Vitale will develop a new laboratory model of lung NETs using zebrafish embryos to study in real time the development of the blood network that supports these tumors. With an established model, researchers will also test responses to targeted therapies.

What question will the researchers try to answer?

Can zebrafish serve as an accurate, effective, and reliable laboratory model of lung NETs to advance our knowledge of tumor biology and serve as a platform for preclinical drug screening?

Why is this important?

The lack of valid laboratory models is a critical obstacle in developing curative therapies for advanced lung carcinoid tumors. Zebrafish embryos are transparent, allowing the examination of important processes (such as the development of tumor blood vessels) to occur in near real-time. The permeability of zebrafish embryos can also support the testing of several antitumor drugs. For these reasons, Vitale hopes to use zebrafish models as an innovative and fast way to test lung NET treatments.

What will researchers do?

Researchers will study tumor cells’ supply system of nutrients and oxygen using fluorescent dye in translucent zebrafish embryos to understand how lung NETs form, grow and spread. Once the zebrafish model of lung NETs is established, researchers will then run experiments to test new targeted therapies to see their effect on cancer cells.

How might this improve the treatment of NETs?

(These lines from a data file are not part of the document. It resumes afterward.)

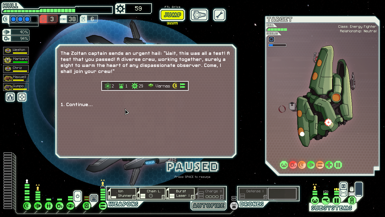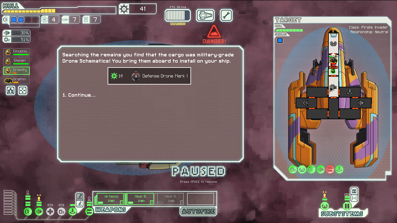 (still running just layer 2 shields and level 4 weapons.) Decided I was really glad I picked up drone control when I did, defense drone really got a workout in several fights, and the system repair drone was also critical in a few tough spots.
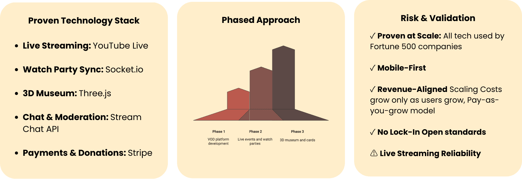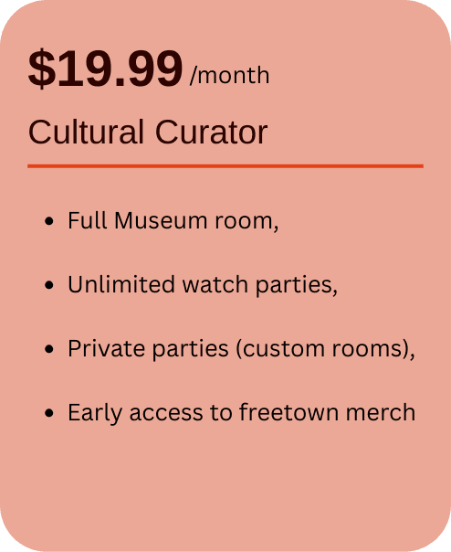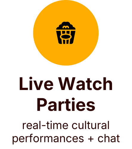 Users tune in to watch Freetown Village's live historical performances together in real-time, with interactive quizzes and community chat creating shared cultural moments.
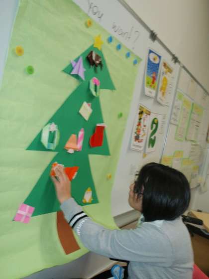 みんなの大好きな英語の授業。今月のテーマは「クリスマス」。絵カードを見て、クリスマスに関する単語を発音したり、クリスマスソングを英語で歌ったりしました。その後は、「What do you want?」の質問に「I want 〜」と答えながら、飾りを選び、クリスマスツリーを完成させました。今年最後のALTさんとの授業、みんなで「よいお年を」「Merry Christmas & Happy new year!」の挨拶で授業をしめくくりました。
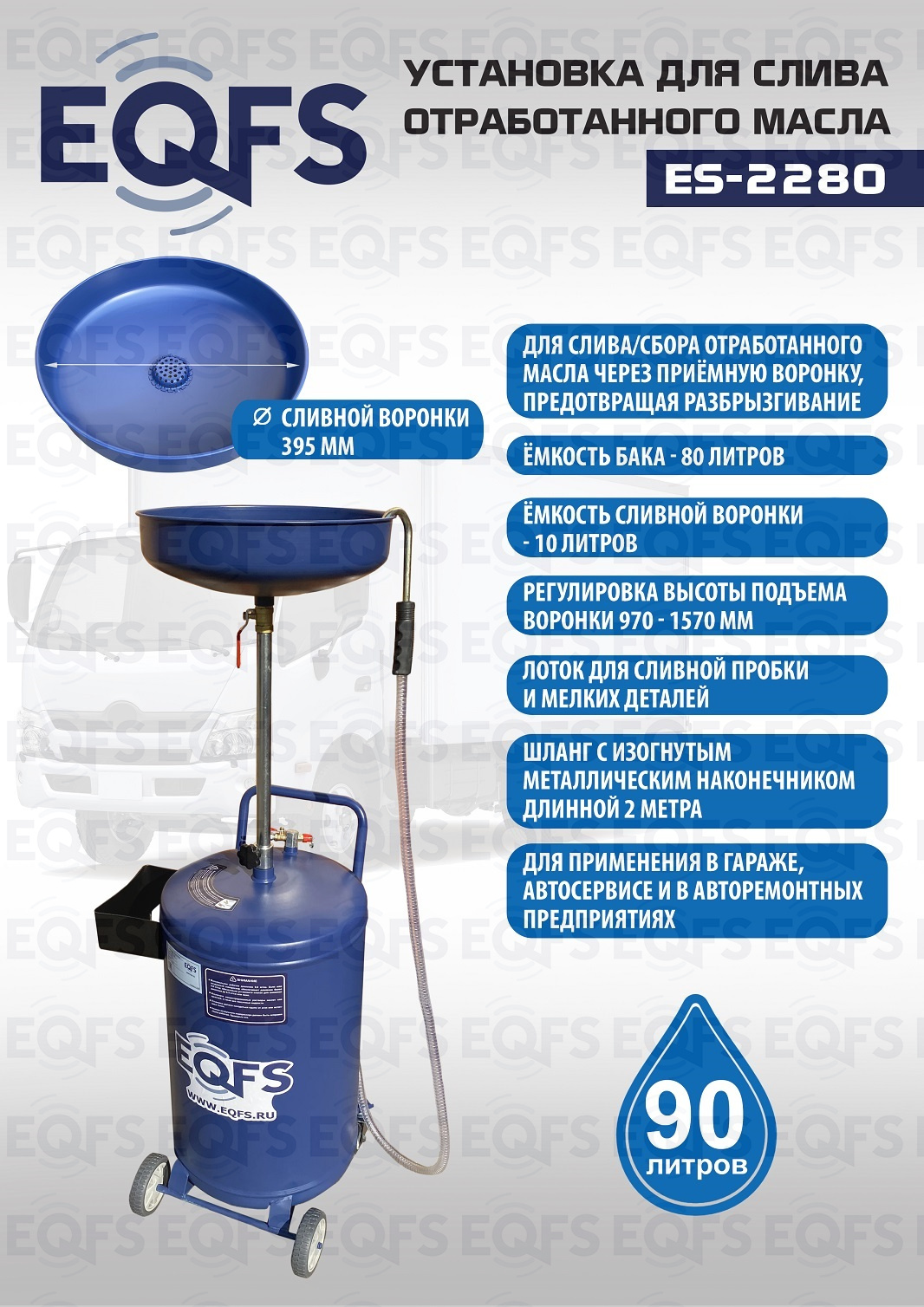 Для слива «отработки» самотёком масла и антифриза из любых транспортных средств. 80л.+10л. приёмная воронка. Регулировка высоты чаши 970-1570мм. Визуальный контроль уровня заполняемости бака. Слив «отработки» самотёком или под давлением. Лоток для сливной пробки/инструмента.

Laboratory models like this help scientists identify and test cancer treatments quickly and easily in the laboratory. Having a zebrafish model of lung NETs could accelerate the search for effective treatments and even generate information to help doctors personalize care for individuals.

What is the next step?

Vitale will publish complete descriptions of the new methodology to develop this innovative zebrafish model in a peer-reviewed scientific journal so that other scientists all over the world can replicate it.

Outcomes:

Pulmonary carcinoids are well-differentiated neuroendocrine tumors (NETs) and include typical (TC) and atypical carcinoids (AC). Patients with TC or AC develop distant metastases in 25-30% of cases. Despite the development of novel drugs in cancer research over the last decade, there are no curative therapies for advanced lung carcinoid tumors. A key factor that has hindered clinical therapeutic progress is the lack of valid animal models for studying the tumor biology and for preclinical drug screening.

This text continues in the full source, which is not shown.